__INPUT__.

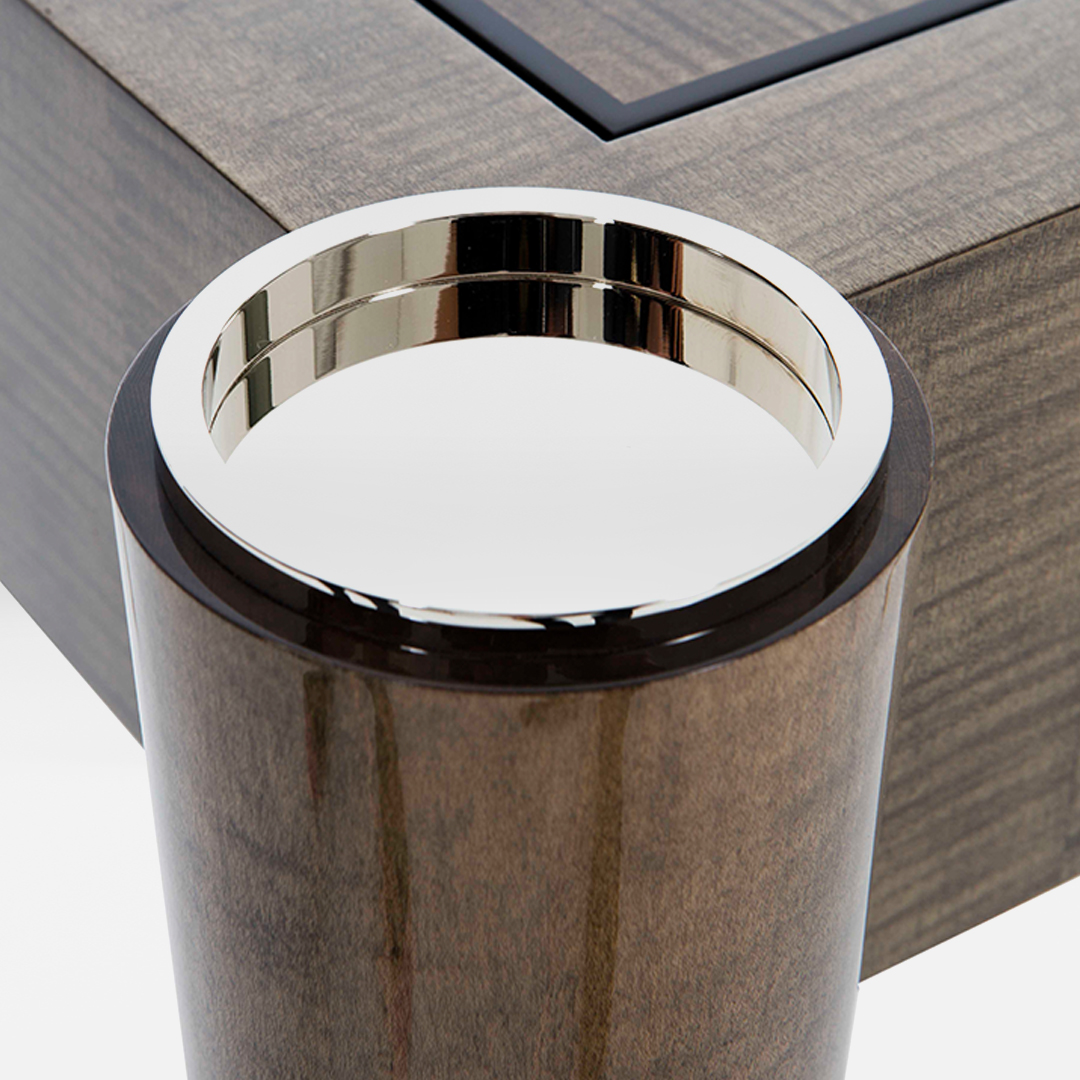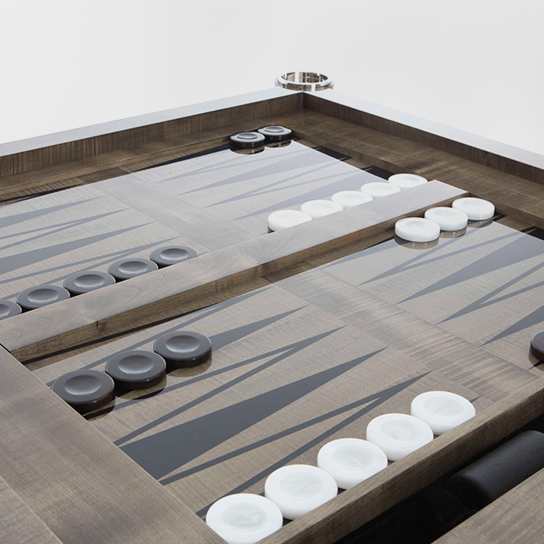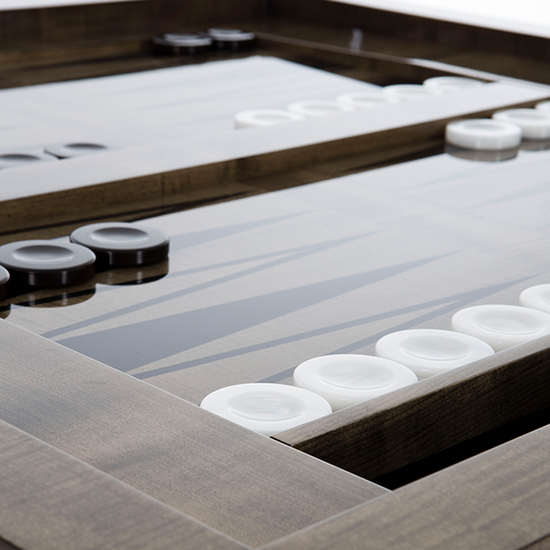 Exhibiting superlative British craftsmanship and a clever eye for design, the Aldridge is a sophisticated games table with an in-built chess, backgammon, and card-playing area. With the use of a smooth carved finger groove, the central chess table can be flipped over to reveal a baize playing surface for playing cards as well as an outstandingly crafted backgammon board when the central section is removed completely.
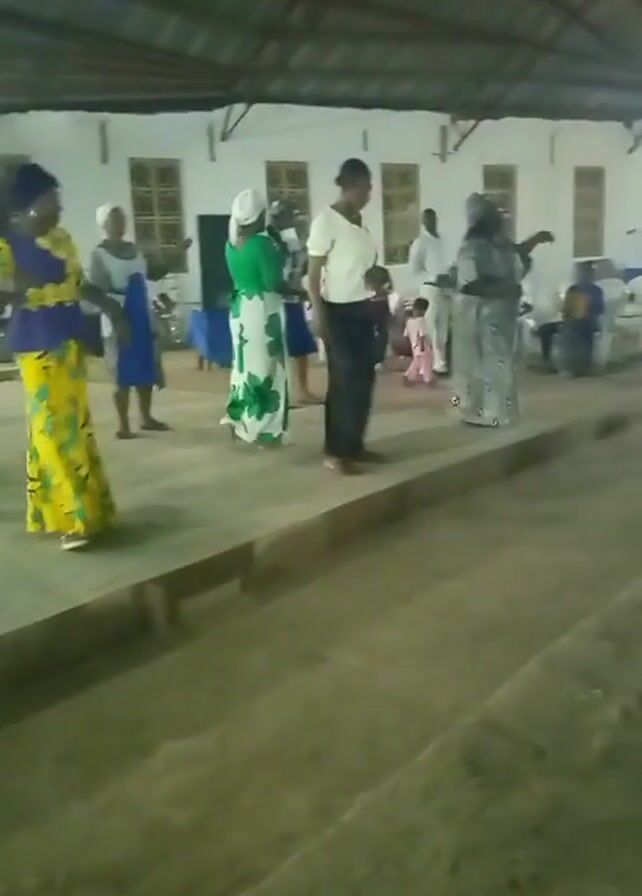 group of women dancing on a concrete platform in what appears to be an indoor space, possibly a church or community hall. The women are dressed in colorful, patterned dresses, and some wear head coverings. They are moving rhythmically to music, though the music is not clearly audible in the video. A few other people are visible in the background, some seated. The space has a simple, utilitarian feel, with white walls, windows with grids, and a corrugated metal roof. The lighting is somewhat dim. The camera is stationary but shaky.
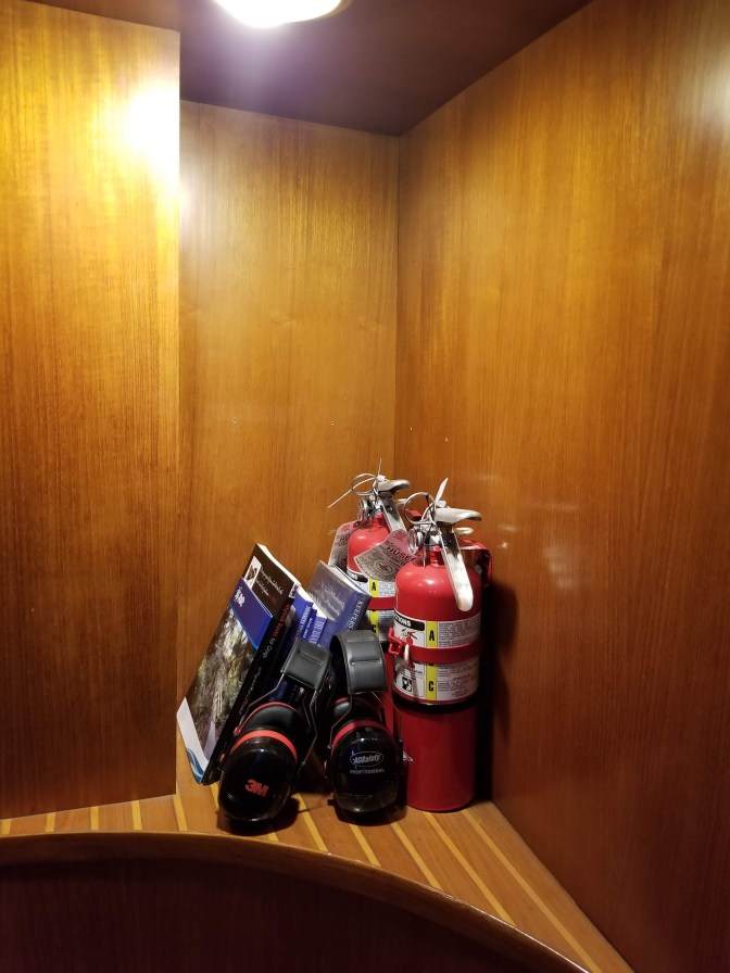 A lonely, disorganized landscape situated on the stairway to the master cabin.
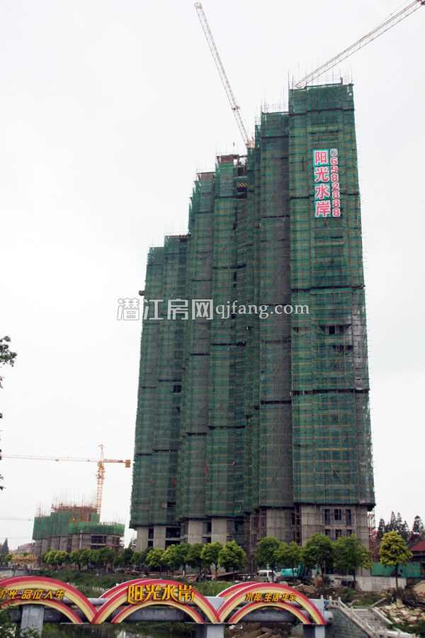 阳光水岸4#楼共25层,目前正在进行内部隔断,商铺共2层,外墙砖已完工;3#楼共31层,已建设至29层;2#楼共31层,已建设至4层;1#楼共31层,桩基建设已完成。
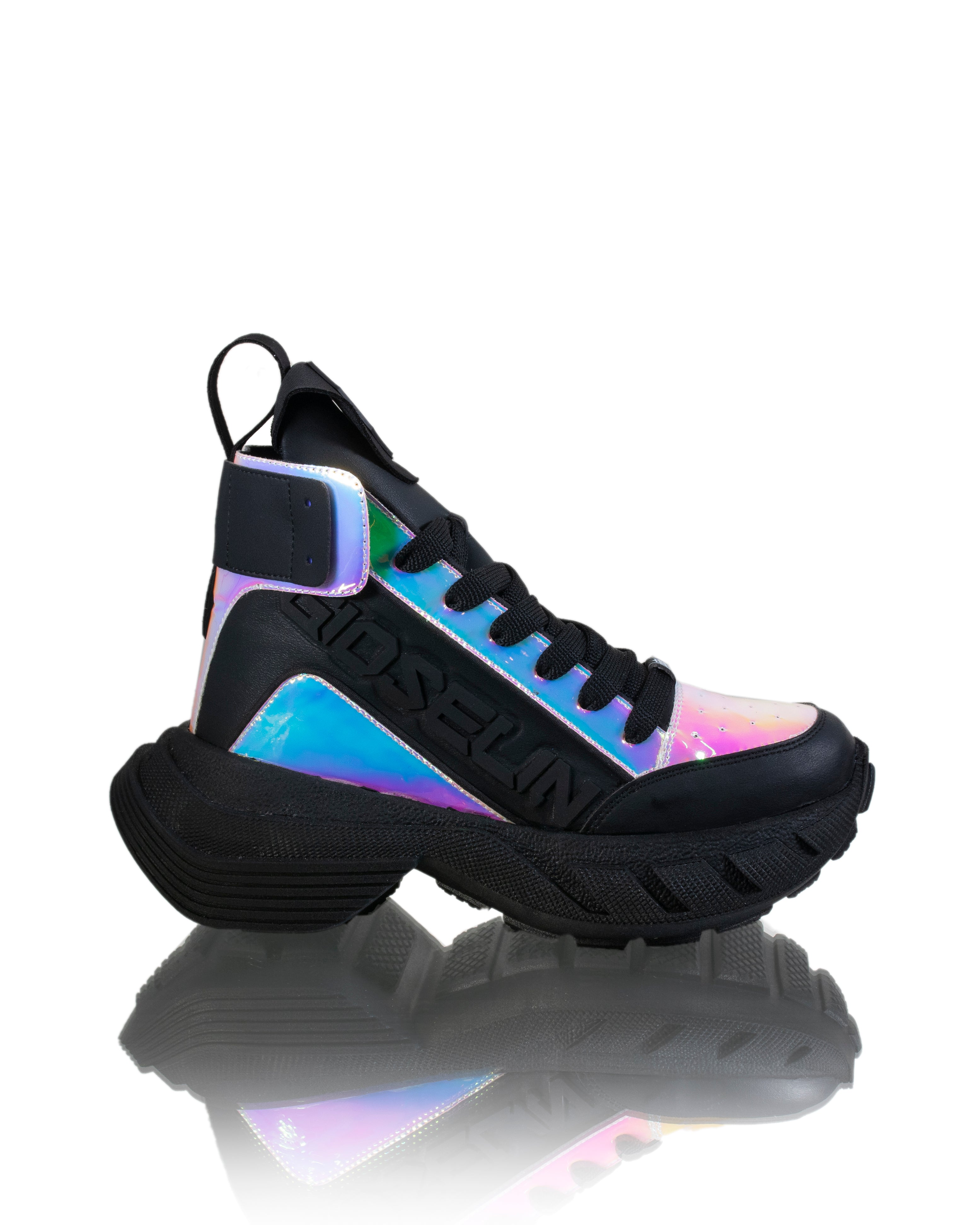 Sneakers mit schillernden Details sind eine raffinierte Wahl für alle, die einen Hauch von Helligkeit in ihrem Stil suchen. Diese Sneaker bieten ein hohes Profil, das Ihrem Look einen Hauch von Eleganz verleiht. Das Modell ist geschnürt und sorgt so den ganzen Tag über für einen sicheren und bequemen Sitz. Die schillernden Kontrastpaneele verleihen dem Design einen Hauch von Originalität und fangen das Licht auf faszinierende Weise ein.
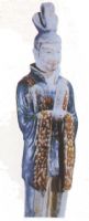 胎呈白色。此俑恭立於方座上。頭戴黑色梁冠,長方大臉,五官端正,面带微笑。身着白色長襦衣,外套綠色宽袖短袍,袖饰宽邊黃、白花斑。足登翹頭靴,雙手執牙笏拱於胸前。
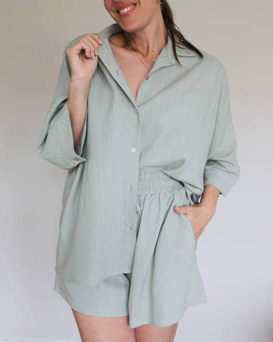 Ropa linen-blend short set (sage)
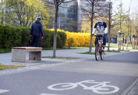 Warsaw, Poland, April 16, 2020: Warsaw during first day with hiding nose and mouth restriction during corona virus quarantine, bikers
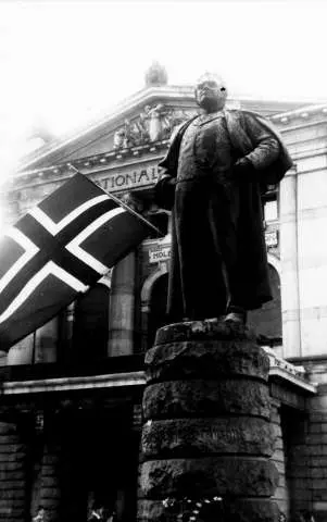 Fra Oslo under fredsdagene i 1945. Statue av Bjørnstjerne Bjørnson på sokkel utenfor Nationaltheatret.
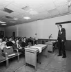 Hasselfors bruk 19 augusti 1965 En man med mörk kostym med vit skjorta och slips står framför stor anslagstavla med en mängd affischer om Hasselfors bruk.
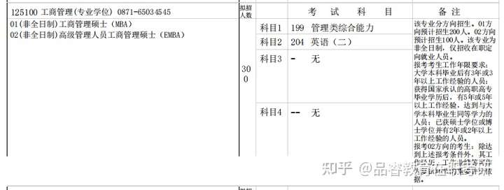 工商管理、公共管理、会计、旅游管理、图书情报、工程管理、审计等专业学位硕士初试科目设置两个单元:管理类综合能力(200分)、外国语(100分);
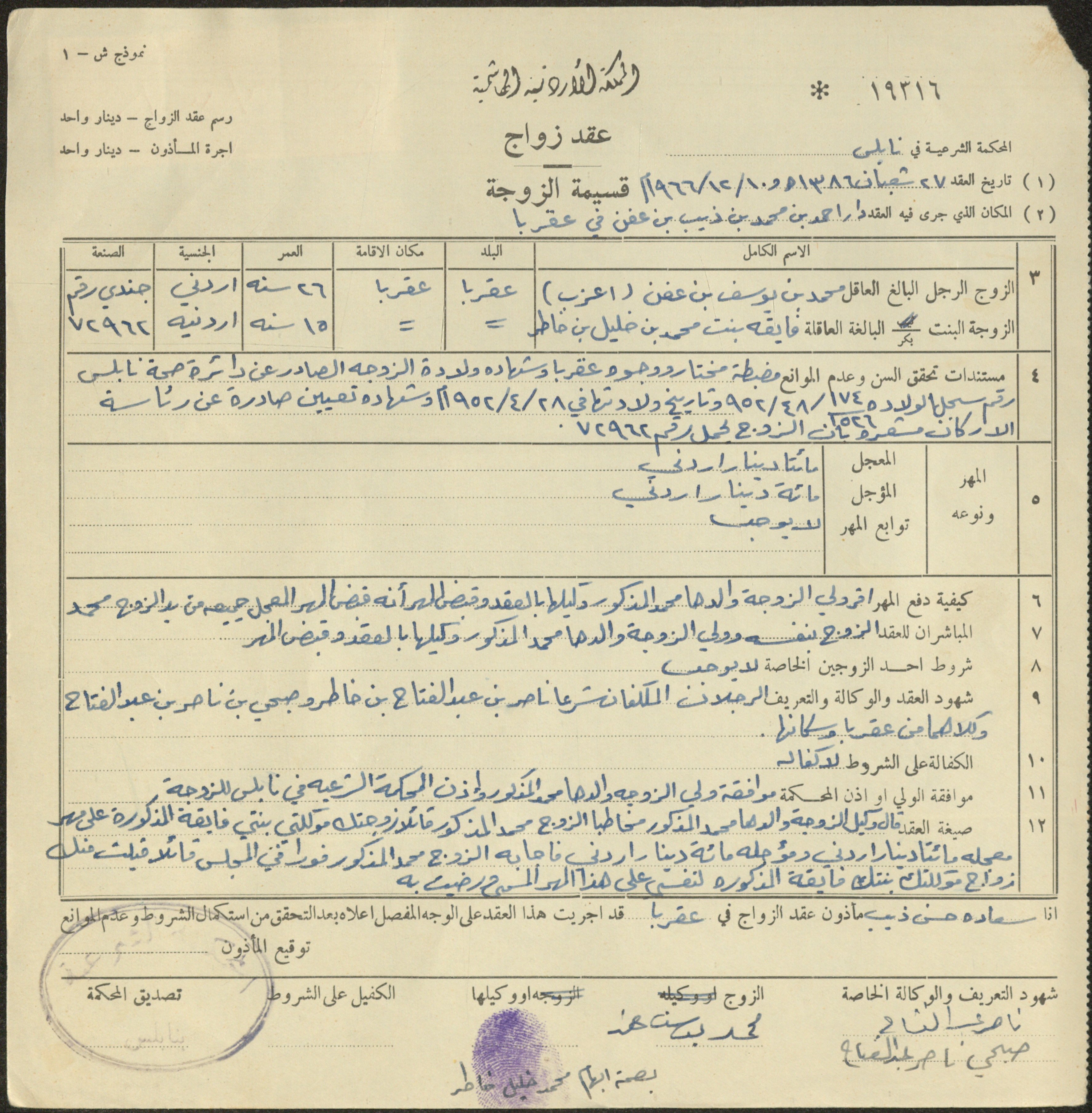 The Marriage Contract of Fayqa Khater and Mohammad Afan, Aqraba, 10 December 1966

__AIM OF THE TASK__. Copy word for word the lines of the records above from the one with "Warsaw, Poland, April" up to and including the one with "Fra Oslo under". Skip the pictures.

__WRITTEN SOLUTION__.
 Warsaw, Poland, April 16, 2020: Warsaw during first day with hiding nose and mouth restriction during corona virus quarantine, bikers
 Fra Oslo under fredsdagene i 1945. Statue av Bjørnstjerne Bjørnson på sokkel utenfor Nationaltheatret.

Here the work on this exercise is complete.